Table 3 shows the experimental outcomes of several deep-learning models. For example, the suggested HCNN obtained an average accuracy of 99%, while the MLP produced an accuracy of 85.25%, the CNN reached a precision of 87.65%, the LSTM acquired an accuracy of 82.85%, the Bi-LSTM had a precision of 89.5%, and so on as shown in Table 3.

Table 3 Performance comparison with baseline model.

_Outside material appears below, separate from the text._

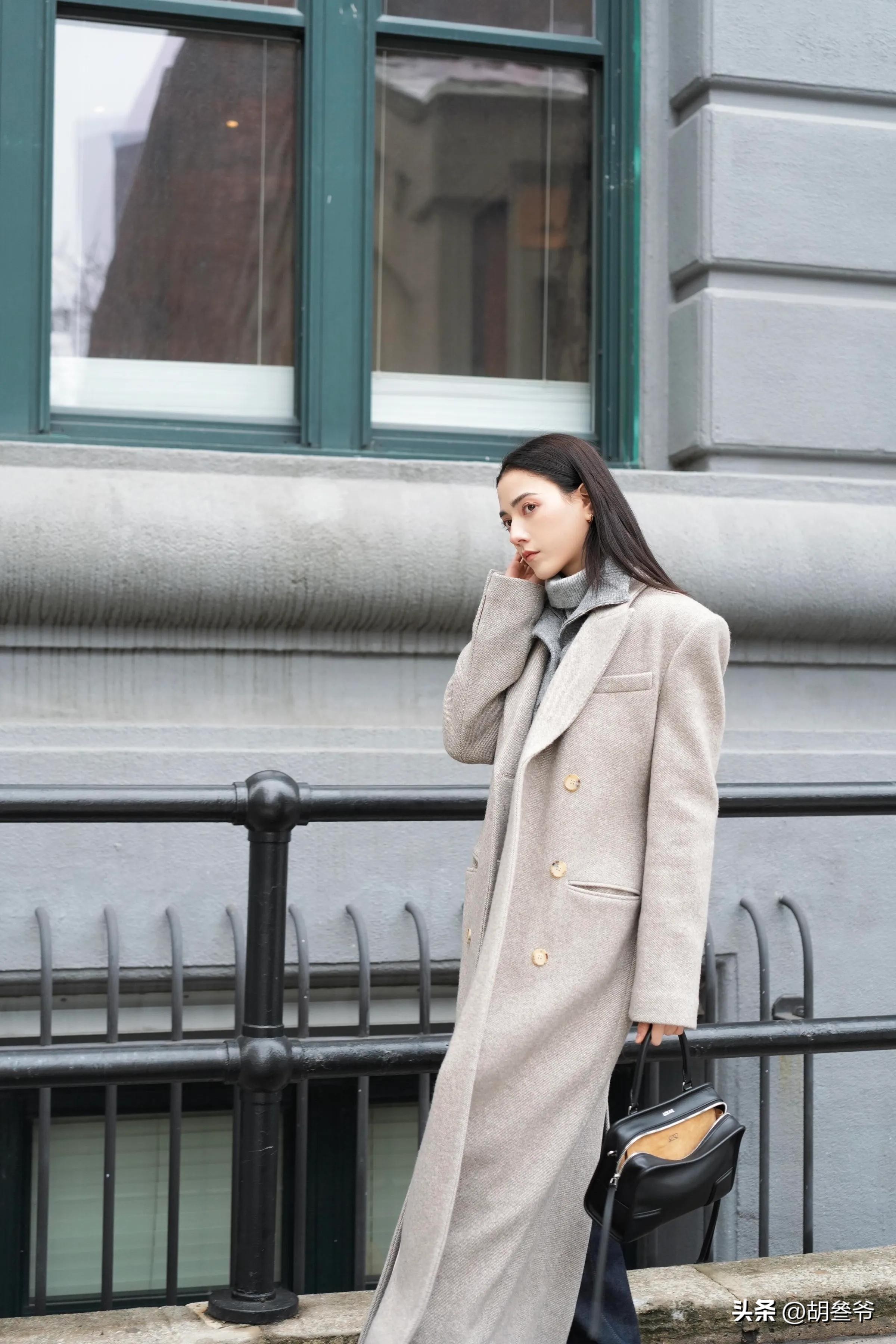 而且这件灰色大衣娜然穿了好几次,纽约工作时搭灰色高领毛衣,和霍启山约会时配红色羊毛衫,一件衣服穿出两种风格。

While existing models only retrieve one sort of feature from the input data, the suggested model can learn both spatiotemporal information, which is able to learn both spatial and temporal information, which is what gives it its superior performance. Even though it takes more time with the basic structure, learning has accelerated. Requiring sensor fusion. These approaches require properly labelled data, yet they are effective for solving complex, large-scale HAM situations requiring sensor fusion. Processing time series information from sensors like accelerometers and gyroscopes is significantly more difficult than processing data from other sensors like cameras. It takes a lot of work for a specialist to properly divide up a task and identify it using a long time series. As a subset of parametric techniques, deep learning approaches boast both excellent accuracy and a lengthy training time complexity. Discoverable learning, which LSTM also employs, is the reason for its superior accuracy. The parameters to be acquired are very high because of the high computing complexity of the approach, but it is well-suited for complicated tasks and has great generalization power. Since RNNs have fewer parameters, they run faster, but LSTMs are more reliable.

Conclusion and future work

In today’s healthcare system, HAR research is crucial. Researchers’ interest in this area has grown as a result of the growing requirement to evaluate time series data in order to HAR. In HAR, picking useful features from time series data is essential. There are many obstacles in this field, but there is also a requirement for a technique that accurately classifies actions. In this study, we present a novel Internet of Things (IoT) system for continuous, individual monitoring of routine domestic tasks. The technology combines a Wi-Fi wearable sensor with Deep Learning Methods to provide data on a wide range of actions, from which aberrant patterns can be inferred. The given method is intended to be scaled up to provide individualized data from a plethora of wearable sensors (as in a multi-occupant dwelling). This research proposes the entire information gathering to model generation workflow for human activity identification using Wi-Fi CSI. To learn how Wi-Fi settings, the placement of routers, and the surrounding environment affect CSI data, we conducted studies. We summarised our findings and suggested a network setup based on the data we were given. We presented a novel method of data gathering that is seamlessly woven into people’s regular routines, where several tasks can be completed in any order over the course of a limited length of time. Both the dataset and the data gathering methods are freely available for other researchers to utilise. Our final model is able to accurately categorise 12 activities from dataset1 and 6 activities from dataset2 with a 99% success rate. The preliminary experimental results show that the suggested ensemble algorithm outperforms the state-of-the-art algorithms in terms of classification accuracy. To further improve the approach’s performance, we plan to create a new hybrid feature selection technique using a genetic algorithm as part of our future study. This system’s architecture allows for the incorporation of complicated signal processing systems via the application of technologies to the development of compact, transportable, and self-sufficient integrated human recognition systems. In future elderly monitoring must be enhanced by video conferencing technology, so that originality of activity will be recognized clearly. For improving monitoring accuracy, IoT based architecture can be integrated.